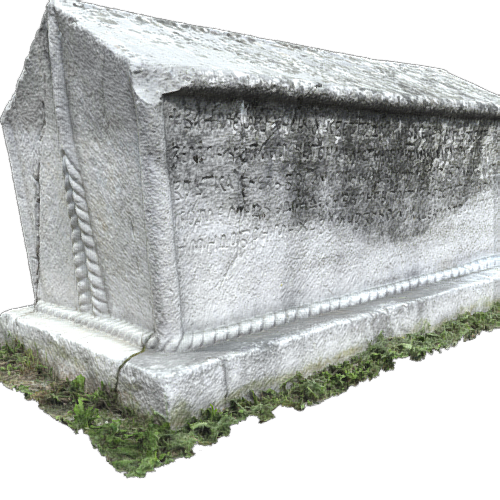 Small, most likely child’s, gabled roof stećak at the site of Kopošići near Ilijaš, central Bosnia. It is richly decorated with motives like spirals and borders. It probably belonged to a child of higher social status. End of XIV and beginning od XV century.
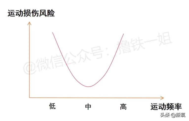 在适度运动的情况下,运动损伤的风险是最小的。而运动过量,和不运动,都会增加运动损伤的风险。
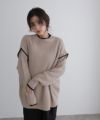 配色やフリルが大人可愛い ハイネック配色ボリュームニット
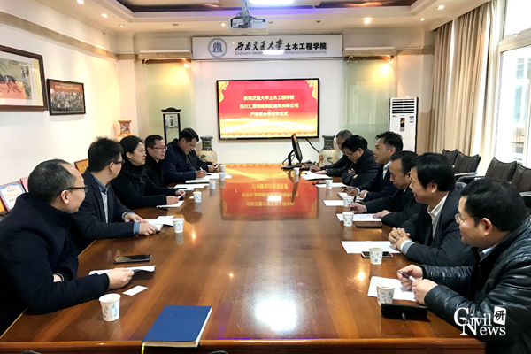 与四川汇源钢建装配建筑有限公司在学院会议室举行实习产学研合作签约仪式。川威集团党委副书记、纪委书记、工会主席李和胜、总工程师谢建国、四川汇源钢建装配建筑有限公司总经理林永钢、副总经理陈启超、总工程师顾于、人力资源处长敖祥林一行六人赴土木学院参加了本次签约仪式,性吧
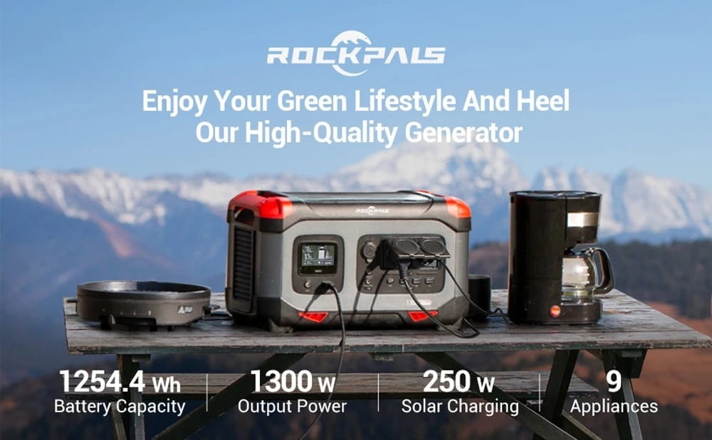Είναι εφοδιασμένο με 1254.4Wh (39200mAh) μπαταρία LiFePO με ονομαστική ισχύ στα 1300W, και το Rockpals RP1300 μπορεί να φορτίσει συσκευές υψηλής ισχύος όπως φορητά ψυγεία και καφετιέρες, και είναι ιδανικό για κάμπινγκ, στο βαν και άλλες υπαίθριες δραστηριότητες, αλλά και για την χρήση έκτακτης ανάγκης για 3 – 5 ημέρες. Η γεννήτρια διαθέτει επίσης ρυθμιζόμενη τάση στα 12V για να διατηρεί σταθερή την τάση εξόδου της, ιδανική για χρήστες CPAP.
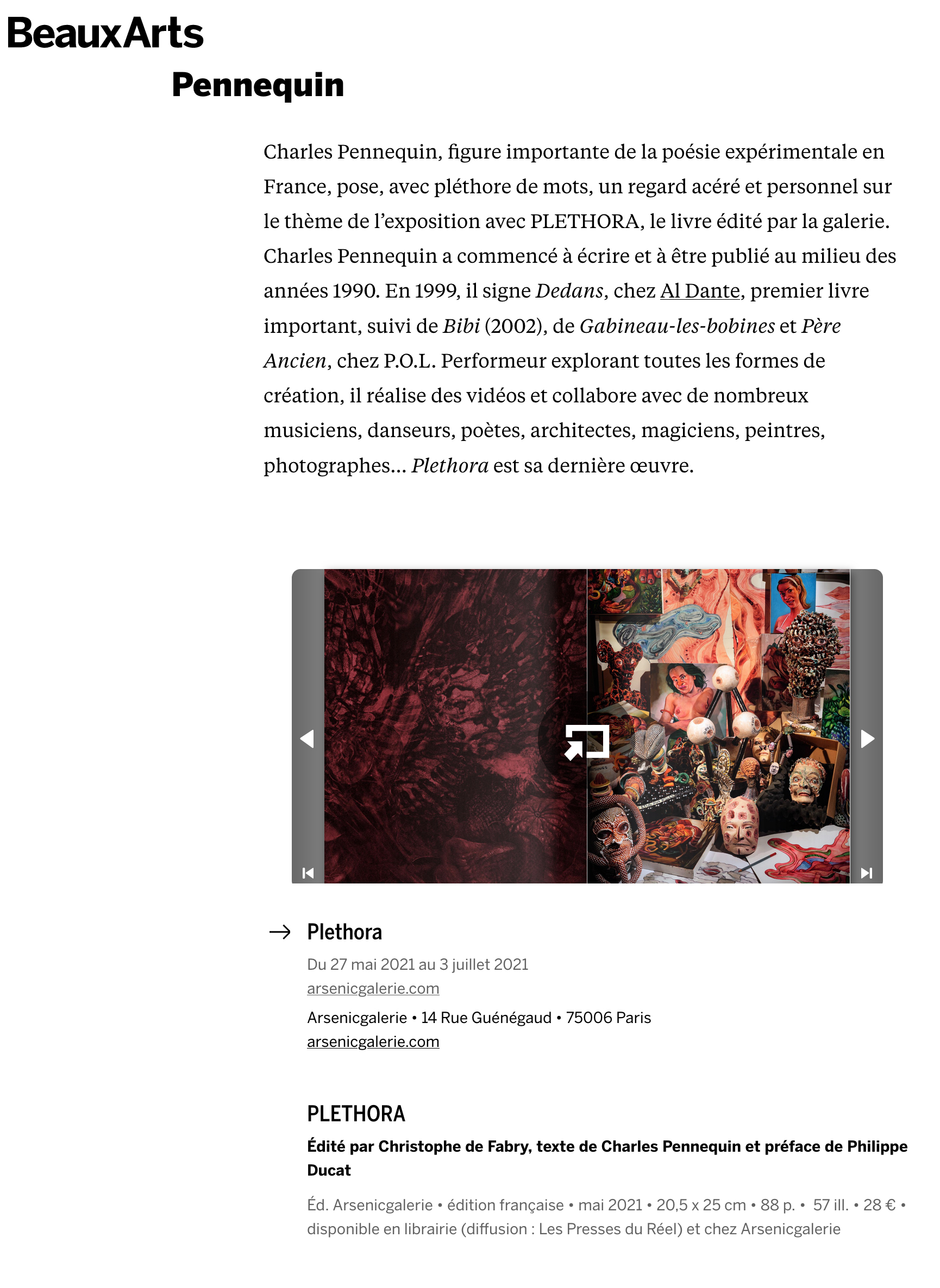 Charles Pennequin (né en 1965 à Cambrai, vit et travaille à Lille), artiste et poète, l'un des plus grands représentants de la poésie-performance en France, remarquable lecteur de ses textes à l'occasion de nombreuses interventions performatives, explore avec son travail protéiforme les voies de la création moderne. Texte remarquable, par son rythme, sa rapidité, sa ponctuation agile et le travail de langue, qui en apnée, hypnotique, va s'imposer auprès de nombreux auditeurs lors de ses lectures. C'est avec pléthore de mots, pléthore de phrases, pléthore de sens, que l'ancien gendarme autodidacte capte l'attention avec sa poésie cadancée. Charles Pennequin a commencé à écrire et publier dans le milieu des années 1990. En 1999, il publie Dedans, chez Al Dante, premier livre important. Puis en 2002, Bibi, suivi de Gabineau-les-bobines et Père Ancien, chez P.O.L. Il pratique la performance et fait de nombreuses vidéos. Il a depuis publié beaucoup de livres, de disques, de DVD. Il travaille avec de nombreux musiciens, des performers, des danseurs, des poètes, des architectes, des magiciens, des chanteurs, des plaisantins, des peintres, des dessinateurs, des clowns et des photographes.
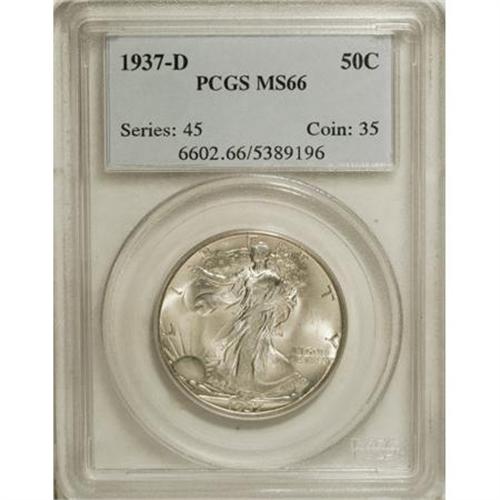 <B>1937-D 50C MS66 PCGS.</B></I> With a mintage of under 1.7 million pieces, Denver had the lowest production of half dollars for the year. This well struck and frosty Premium Gem offers outstanding visual appeal. A few touches of peach color grace the fields, but the surfaces are untoned otherwise. <BR><I>From The Vanek Collection.</B></I><BR><BR><b>Shipping:</b> Coins & Currency (<a target="_blank" href="http://www.heritageauctions.com/common/shipping.php">view shipping information</a>)
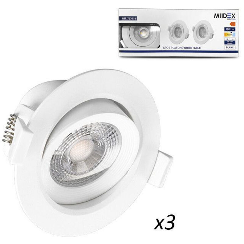Pack pratique de 3 spots - : Questo pacchetto comprende 3 punti LED da incasso orientabili, che permettono di godere di illuminazione uniforme e regolabile in diverse parti della vostra scelta. [Éclairage performant]: I punti funzionano con una tensione di 220/240V AC, offrendo compatibilità con la maggior parte delle installazioni elettriche. Con un consumo di soli 5W per posto, sono anche efficienti dal punto di vista energetico. [Lumière vive]: Le macchie producono un'ombra di luce bianca naturale (4000K) che offre un'atmosfera neutra e piacevole. Con un flusso luminoso di 350 lumen per posto, forniscono luce e sufficiente illuminazione per illuminare efficacemente le vostre parti. [Résistance et dimensions pratiques]: I punti sono classificati IP20 per la protezione contro le intrusioni solide del corpo con un indice IK03 per la resistenza agli urti. Con un diametro di 90mm e un'altezza di 45mm, sono compatti e facili da installare in aree recesse con un diametro di 68mm. 4000K
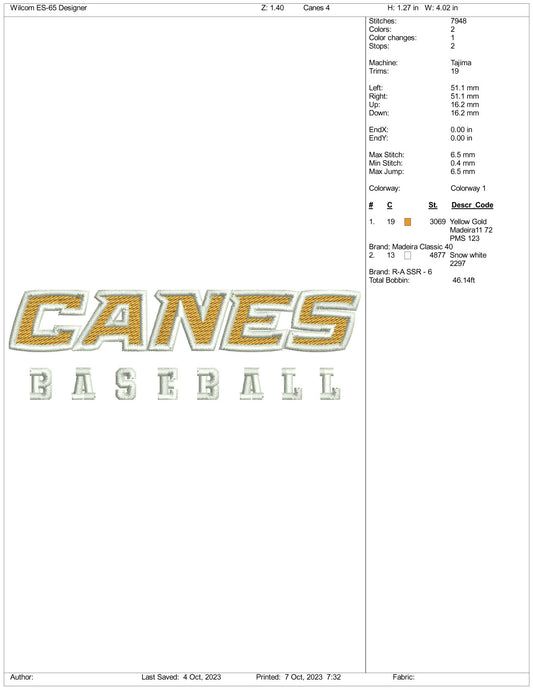 Archivos de diseño de bordado de bastones de béisbol - 3 tamaños
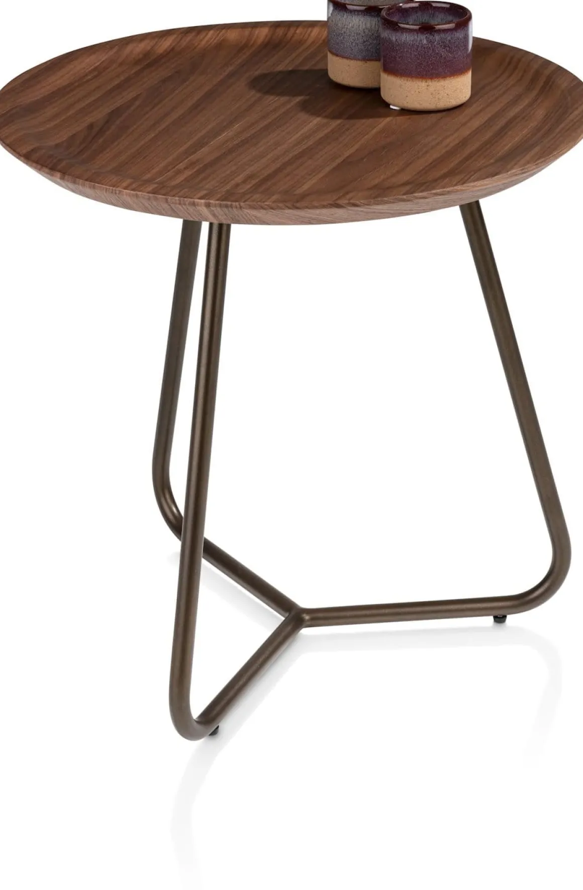 Maak jouw zithoek compleet met de BRIANZA bijzettafel. Het blad is uitgevoerd in gelakt notenfineer en benadrukt de warme, stijlvolle uitstraling van deze collectie. De subtiele verjongde rand geeft de tafel een lichte look, terwijl het ranke metalen draadframe voor een moderne en luchtige basis zorgt. Dankzij zijn compacte formaat is de bijzettafel ideaal naast de bank of fauteuil, maar ook handig als extra tafeltje in je interieur. Combineer hem met de eetkamertafel en salontafel uit dezelfde serie voor een harmonieus geheel. Met de BRIANZA spiegel en de kasten uit deze collectie trek je de elegante look moeiteloos door in de hele ruimte.
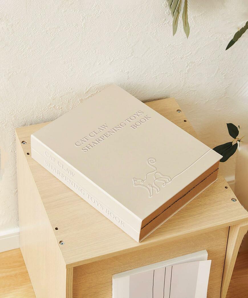 3COINSの「BOOK型爪研ぎ」は、閉じればインテリアアイテムとして使うこともできます。閉じてしまえば生活感を隠してくれます。急な来客にもきちんと対応することができそうです。
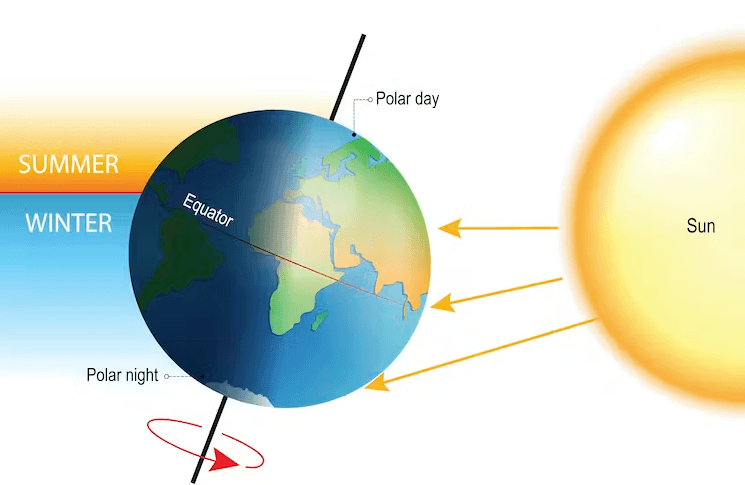The Earth is tilted on its axis which causes different parts of it to receive more direct sunligh than others as it revolves around the sun.
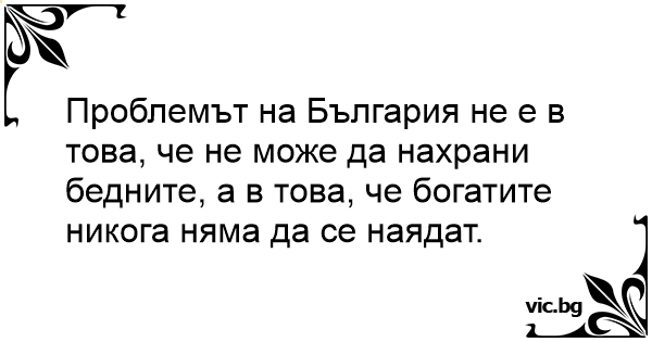 Проблемът на България не е в това, че не може да нахрани бедните, а в това, че богатите никога няма да се наядат.
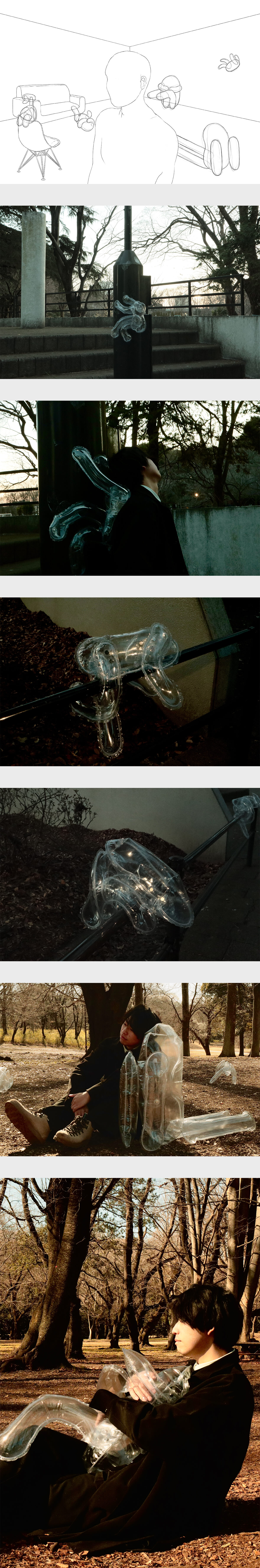 本作品は、空間の様々なものに対して子どものように無邪気に、そして自由に遊ぶように身体を預ける実験から始まった。『Larutan』も同様に、壁や床、椅子の背もたれ、肘掛け、浴槽の縁(へり)など、様々な場所に身を預ける。そして使用者は『Larutan』へ寄りかかったり、抱きしめたりしながら、自由に関わることができる。

^^^^^^^^

Give back the whole listing exactly as written. Do not include any picture.

 Small, most likely child’s, gabled roof stećak at the site of Kopošići near Ilijaš, central Bosnia. It is richly decorated with motives like spirals and borders. It probably belonged to a child of higher social status. End of XIV and beginning od XV century.
 在适度运动的情况下,运动损伤的风险是最小的。而运动过量,和不运动,都会增加运动损伤的风险。
 配色やフリルが大人可愛い ハイネック配色ボリュームニット
 与四川汇源钢建装配建筑有限公司在学院会议室举行实习产学研合作签约仪式。川威集团党委副书记、纪委书记、工会主席李和胜、总工程师谢建国、四川汇源钢建装配建筑有限公司总经理林永钢、副总经理陈启超、总工程师顾于、人力资源处长敖祥林一行六人赴土木学院参加了本次签约仪式,性吧
Είναι εφοδιασμένο με 1254.4Wh (39200mAh) μπαταρία LiFePO με ονομαστική ισχύ στα 1300W, και το Rockpals RP1300 μπορεί να φορτίσει συσκευές υψηλής ισχύος όπως φορητά ψυγεία και καφετιέρες, και είναι ιδανικό για κάμπινγκ, στο βαν και άλλες υπαίθριες δραστηριότητες, αλλά και για την χρήση έκτακτης ανάγκης για 3 – 5 ημέρες. Η γεννήτρια διαθέτει επίσης ρυθμιζόμενη τάση στα 12V για να διατηρεί σταθερή την τάση εξόδου της, ιδανική για χρήστες CPAP.
 Charles Pennequin (né en 1965 à Cambrai, vit et travaille à Lille), artiste et poète, l'un des plus grands représentants de la poésie-performance en France, remarquable lecteur de ses textes à l'occasion de nombreuses interventions performatives, explore avec son travail protéiforme les voies de la création moderne. Texte remarquable, par son rythme, sa rapidité, sa ponctuation agile et le travail de langue, qui en apnée, hypnotique, va s'imposer auprès de nombreux auditeurs lors de ses lectures. C'est avec pléthore de mots, pléthore de phrases, pléthore de sens, que l'ancien gendarme autodidacte capte l'attention avec sa poésie cadancée. Charles Pennequin a commencé à écrire et publier dans le milieu des années 1990. En 1999, il publie Dedans, chez Al Dante, premier livre important. Puis en 2002, Bibi, suivi de Gabineau-les-bobines et Père Ancien, chez P.O.L. Il pratique la performance et fait de nombreuses vidéos. Il a depuis publié beaucoup de livres, de disques, de DVD. Il travaille avec de nombreux musiciens, des performers, des danseurs, des poètes, des architectes, des magiciens, des chanteurs, des plaisantins, des peintres, des dessinateurs, des clowns et des photographes.
 <B>1937-D 50C MS66 PCGS.</B></I> With a mintage of under 1.7 million pieces, Denver had the lowest production of half dollars for the year. This well struck and frosty Premium Gem offers outstanding visual appeal. A few touches of peach color grace the fields, but the surfaces are untoned otherwise. <BR><I>From The Vanek Collection.</B></I><BR><BR><b>Shipping:</b> Coins & Currency (<a target="_blank" href="http://www.heritageauctions.com/common/shipping.php">view shipping information</a>)
Pack pratique de 3 spots - : Questo pacchetto comprende 3 punti LED da incasso orientabili, che permettono di godere di illuminazione uniforme e regolabile in diverse parti della vostra scelta. [Éclairage performant]: I punti funzionano con una tensione di 220/240V AC, offrendo compatibilità con la maggior parte delle installazioni elettriche. Con un consumo di soli 5W per posto, sono anche efficienti dal punto di vista energetico. [Lumière vive]: Le macchie producono un'ombra di luce bianca naturale (4000K) che offre un'atmosfera neutra e piacevole. Con un flusso luminoso di 350 lumen per posto, forniscono luce e sufficiente illuminazione per illuminare efficacemente le vostre parti. [Résistance et dimensions pratiques]: I punti sono classificati IP20 per la protezione contro le intrusioni solide del corpo con un indice IK03 per la resistenza agli urti. Con un diametro di 90mm e un'altezza di 45mm, sono compatti e facili da installare in aree recesse con un diametro di 68mm. 4000K
 Archivos de diseño de bordado de bastones de béisbol - 3 tamaños
 Maak jouw zithoek compleet met de BRIANZA bijzettafel. Het blad is uitgevoerd in gelakt notenfineer en benadrukt de warme, stijlvolle uitstraling van deze collectie. De subtiele verjongde rand geeft de tafel een lichte look, terwijl het ranke metalen draadframe voor een moderne en luchtige basis zorgt. Dankzij zijn compacte formaat is de bijzettafel ideaal naast de bank of fauteuil, maar ook handig als extra tafeltje in je interieur. Combineer hem met de eetkamertafel en salontafel uit dezelfde serie voor een harmonieus geheel. Met de BRIANZA spiegel en de kasten uit deze collectie trek je de elegante look moeiteloos door in de hele ruimte.
 3COINSの「BOOK型爪研ぎ」は、閉じればインテリアアイテムとして使うこともできます。閉じてしまえば生活感を隠してくれます。急な来客にもきちんと対応することができそうです。
The Earth is tilted on its axis which causes different parts of it to receive more direct sunligh than others as it revolves around the sun.
 Проблемът на България не е в това, че не може да нахрани бедните, а в това, че богатите никога няма да се наядат.
 本作品は、空間の様々なものに対して子どものように無邪気に、そして自由に遊ぶように身体を預ける実験から始まった。『Larutan』も同様に、壁や床、椅子の背もたれ、肘掛け、浴槽の縁(へり)など、様々な場所に身を預ける。そして使用者は『Larutan』へ寄りかかったり、抱きしめたりしながら、自由に関わることができる。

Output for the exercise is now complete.